Для выполнения данного задания было выбрано семейство белков теплового шока HSP70 (PF00012).
Скачав выравнивание seed, состоящее из 27 последовательностей и имеющее длину порядка 690 аминокислотных остатков, я открыл его в программе Jalview. При пороге Identity Treshold, равном 100%, нашлось несколько консервативных мотивов с высоким IC. Я выбрал один из них со следующим паттерном:
R.{2}N[ED].TA.{4}YG
Фрагмент из выравнивания с соответствующим паттерном показан на рисунке 1.
Отметим, что во второй позиции паттерна (после R) во всех последовательностях следует либо L, либо I, либо V. Это довольно схожие аминокислоты с явным гидрофобным характером. Тем не менее в паттерне эта позиция была обозначена в качестве точки, означающей любую аминокислоту. Это было сделано из-за того, что в позиции варьируют три и более аминокислоты. Или, например, после N следует либо D, либо E, отличающиеся лишь на метиленовый фрагмент (данная тонкость была учтена в паттерне, поскольку варьируют всего две буквы).
С помощью функции Find в Jalview я поискал данный паттерн в выравнивании. Он нашёлся только 27 раз (в 27 последовательностях), как и ожидалось. Иными словами, данный паттерн имеет высокое значение IC.
Далее был произведён поиск по данному мотиву в базе данных SwissProt на сайте MyHits. При этом было найдено 1074 находок! При этом абсолютное большинство из них входило в множество гомологов Hsp70 (HscA, SSB1), либо являлось непросредственно самим Hsp70. Это говорит о том, что данный паттерн прекрасно описывает белки из выбранного семейства.
Далее на основе выравнивания было построено дерево с помощью алгоритма UPGMA (Average distance), представленное на рисунке 2.

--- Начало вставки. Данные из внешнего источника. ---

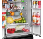 Холодильник Maunfeld MFF185NFB выполнен в черном цвете и в габаритах: высота — 185,5 см, ширина — 59,5 см, глубина — 64,5 см. В его основу положен надежный и экономичный инверторный компрессор, соответствующий классу А+. Классификация по уровню энергопотребления дает объективное представление о том, насколько эффективно устройство расходует данный ресурс. Модели с таким обозначением тратят энергию более рационально. Светодиодное освещение позволяет с удобством обозревать продуктовые запасы, не доставая их из устройства или, наоборот, оптимально размещать внутри новые упаковки. Система NoFrost — конструктивное решение, при котором испаритель внесен в отдельный отсек, где и происходит охлаждение воздуха. Посредством такой компоновке в морозилке снижается влажность, а значит, излишек воды не превращается в наледь. Холодильник Maunfeld MFF185NFB имеет автоматический SuperFrost. Температура в морозильной камере при этом быстро понижается, после того, как процесс замораживания завершится, прибор возвращае
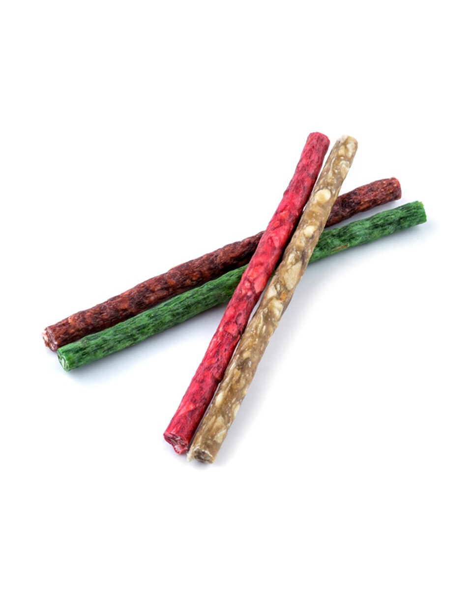 Žuvacie klobásky sú doplnkovým jedlom pripraveným zo surového mletého hovädzieho mäsa. Vďaka vysokému obsahu surových bielkovín sú tyčinky nielen zdravé, ale aj veľmi chutné. Výhodou tyčiniek je ich úloha v zubnej starostlivosti.

Было выделено 7 групп, из которых 5 являются тривиальными (содержат всего одну последовательность). Далее я выбрал группу из 17 последовательностей, которая выделена бирюзовым цветом на рисунке 2, и поместил соответствующее выравнивание в отдельное окно, окрасив его в соответствии с ранее перечисленными характеристиками (Identity Treshold = 100%, окраска Clustal). Файл с выравниванием в формате fasta можно скачать здесь: Project17.fasta.
Далее мною был найден мотив со следующим паттерном:
V.I.{3}QGER
Данный мотив встречался все 17 раз в выравнивании выбранной группу и также 17 раз в выравнивании всех последовательностей. То есть данный мотив встречается лишь в рамках выбранной группы, что говорит о его специфичности для выбранной клады.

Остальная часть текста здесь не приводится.